Discutindo a dívida histórica que a civilização ocidental acumula com a raça negra (e o fato de, em pleno 2014, ainda termos que discutir as cotas raciais é sintomático a esse respeito), Queirós cria uma trama de conspiração em que a sede do Governo Federal se transforma na representação maior de uma sociedade historicamente opressora – e não é à toa que “bomba” desenvolvida por Marquim, Shockito e o DJ Jamaika esteja recheada de cultura afro, como se a necessidade daqueles indivíduos fosse simplesmente a de difundir suas raízes e sua cultura, mesmo que à força, e não pagar a violência com mais violência (é interessante notar, aliás, a saída de mestre encontrada pelo cineasta para contornar as limitações financeiras de seu projeto ao utilizar os desenhos feitos por Shockito ao longo de toda a projeção como um elemento narrativo fundamental para a narração de seu clímax).

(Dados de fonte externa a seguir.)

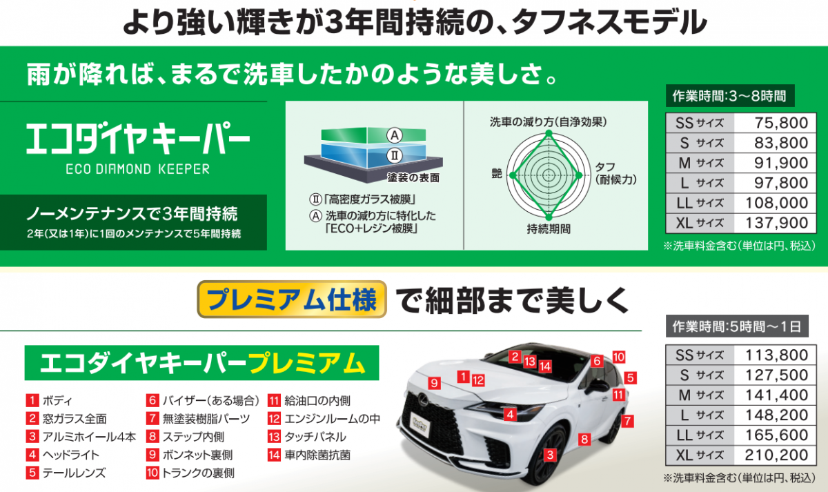 コーティングのスタンダード エコダイヤモンドキーパー【3年プラン】

Com um senso de humor bastante peculiar (e extremamente divertido) e um clima de paranoia essencial para seus propósitos temáticos, Branco Sai Preto Fica é um trabalho desafiador e instigante que merece não só ser lançado, mas receber atenção especial no circuito exibidor – uma utopia que só decepciona os amantes do Cinema nacional.
Branco Sai Preto Fica (Idem, Brasil, 2014). Escrito e dirigido por Adirley Queirós. Com Marquim do Tropa, Shockito, Dilmar Durães e Gleide Firmino.